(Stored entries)
-=-=-

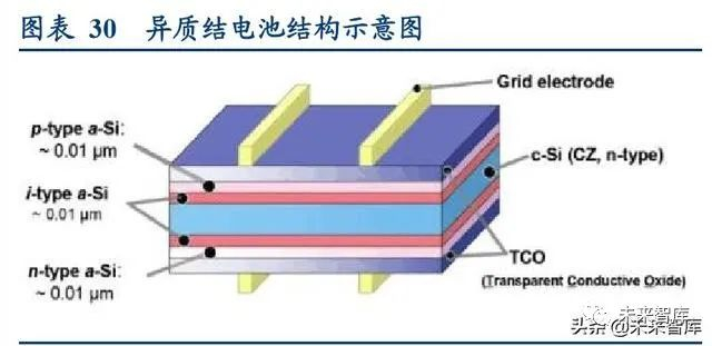 相比其他技术路线的电池,HIT 电池优势在于:1)具有天然的双面对称结构,双面受光,双面率高于 90%;2)相 比其他工艺流程更加简洁,仅为 4 步;3)高开路电压,有利于获得较高的光电转换效率;4)无 LID 和 PID 效应, HIT 电池采用 N 型硅片作为衬底,从根本上避免了由于硼氧复合因子带来的光致衰减现象;5)低温制造工艺(低于 200℃),可降低制造流程中的能耗及对硅片的热损伤;6)温度系数低,在高温及低温环境下均具备较好的温度特 性。以 N 型硅片为衬底,经过制绒清洗后,在正面依次沉积 5-10nm 本征非晶硅薄膜和掺杂 P 型非晶硅薄膜,与硅衬底形成异质结,背面通过沉积 5-10nm 的本征非晶硅薄膜和掺杂 N 型非晶硅薄膜形成背表面场。在掺杂非晶硅薄 膜表面沉积 TCO 透明导电氧化物薄膜,最后在正背表面印刷金属集电极。
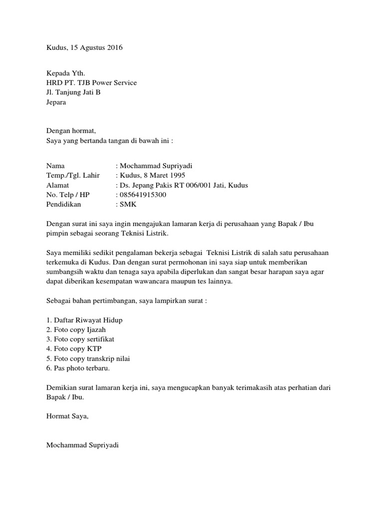 Contoh Surat Lamaran Kerja Bahasa Indonesia | Learning | Personal Growth
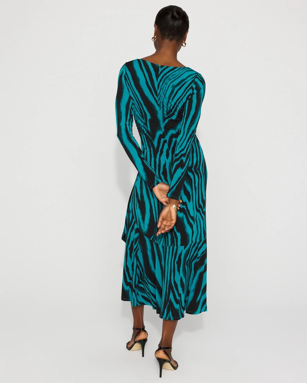 A functional side tie and ruching shapes this long-sleeve midi dress that will take you from desk to dinner.
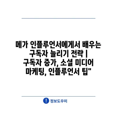 메가 인플루언서에게서 배우는 구독자 늘리기 전략 | 구독자 증가, 소셜 미디어 마케팅, 인플루언서 팁”
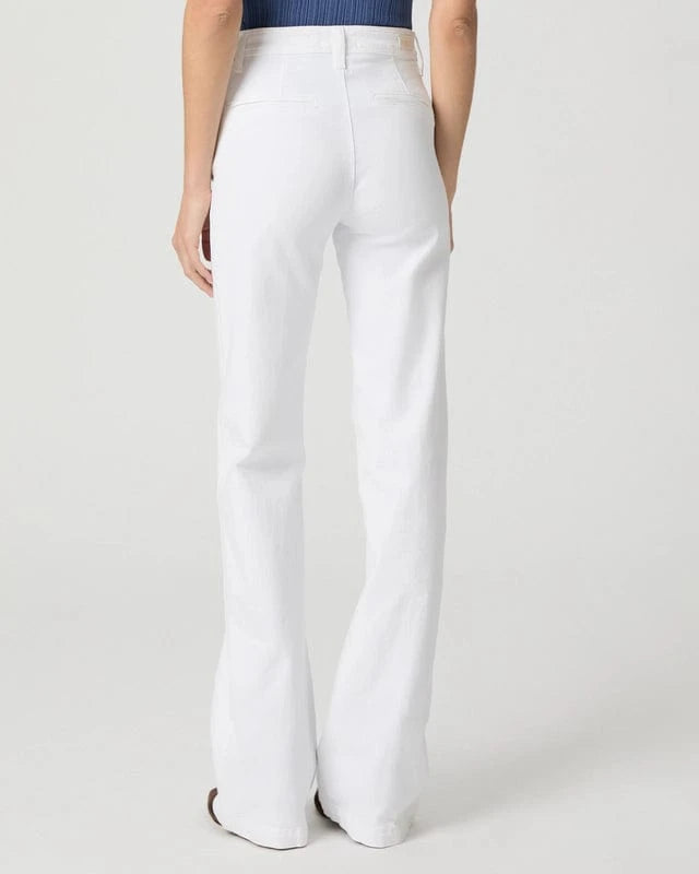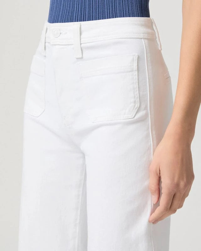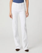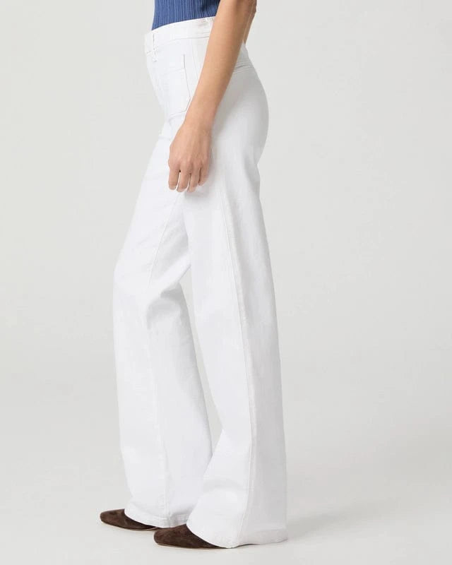Crafted in comfortable, stretchy white denim, these Leenah wide leg jeans from Paige, with front patch pockets, are part of the sailor trend seen on the catwalks. This long, slim silhouette, with its high waist and sleek back welt pockets, is ultra chic in pristine white. The 32" inseam pairs perfectly with flats, and is also suitable for petite women wishing to wear it with heels.
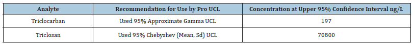 It was hypothesized that some of the concentrations of TCS percentages of loads for some of the chemical compounds are very high because of the outliers in the data. USEPA ProUCL Ver 4.1 was used where the Dixon test was used to test for a single outlier in a univariate data set since the number of samples were around 5 [53]. This test is primarily used for small data sets (Data plot limits the sample to be between 3 and 30). It can be used to test whether the minimum value is an outlier, the maximum value is an outlier, or either the minimum or maximum value is an outlier. The following outliers were identified: concentration of 860,000ng/L of TCS was identified as an outlier, and hence removed from the data. The upper confidence limits (UCL) for the means were completed by using the appropriate distributions are listed in Table 5.
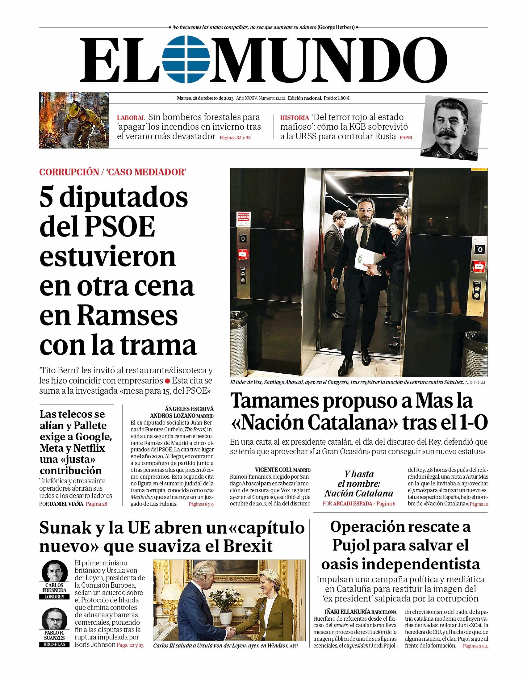 El gordo informativo de este martes se lo lleva La Vanguardia. El País, el segundo premio. Son dos primicias que confirman lo que los medios sabían y no decían: el gobierno del Partido Popular inicia en 2012, y hasta 2019, una operación contra el movimiento independentista catalán en el que utiliza a la policía española y otros aparatos del Estado para orquestar una campaña de descrédito de sus líderes y personalidades. Es la llamada "operación Catalunya", en la que colaboraron de buenas o malas tantos medios, incluidos los que estos días se escandalizarán mucho. Ambos diarios se han guardado la exclusiva para el diario impreso hasta la mañana de este martes —quizás por cosas así son los que venden más ejemplares de papel.

-=-=-

▶ Work to be completed: Starting with the first line of the data above and ending with the line containing "Crafted in comfortable, stretchy", please restate every line exactly, leaving images out.

▶ Expected answer:
 相比其他技术路线的电池,HIT 电池优势在于:1)具有天然的双面对称结构,双面受光,双面率高于 90%;2)相 比其他工艺流程更加简洁,仅为 4 步;3)高开路电压,有利于获得较高的光电转换效率;4)无 LID 和 PID 效应, HIT 电池采用 N 型硅片作为衬底,从根本上避免了由于硼氧复合因子带来的光致衰减现象;5)低温制造工艺(低于 200℃),可降低制造流程中的能耗及对硅片的热损伤;6)温度系数低,在高温及低温环境下均具备较好的温度特 性。以 N 型硅片为衬底,经过制绒清洗后,在正面依次沉积 5-10nm 本征非晶硅薄膜和掺杂 P 型非晶硅薄膜,与硅衬底形成异质结,背面通过沉积 5-10nm 的本征非晶硅薄膜和掺杂 N 型非晶硅薄膜形成背表面场。在掺杂非晶硅薄 膜表面沉积 TCO 透明导电氧化物薄膜,最后在正背表面印刷金属集电极。
 Contoh Surat Lamaran Kerja Bahasa Indonesia | Learning | Personal Growth
 A functional side tie and ruching shapes this long-sleeve midi dress that will take you from desk to dinner.
 메가 인플루언서에게서 배우는 구독자 늘리기 전략 | 구독자 증가, 소셜 미디어 마케팅, 인플루언서 팁”
Crafted in comfortable, stretchy white denim, these Leenah wide leg jeans from Paige, with front patch pockets, are part of the sailor trend seen on the catwalks. This long, slim silhouette, with its high waist and sleek back welt pockets, is ultra chic in pristine white. The 32" inseam pairs perfectly with flats, and is also suitable for petite women wishing to wear it with heels.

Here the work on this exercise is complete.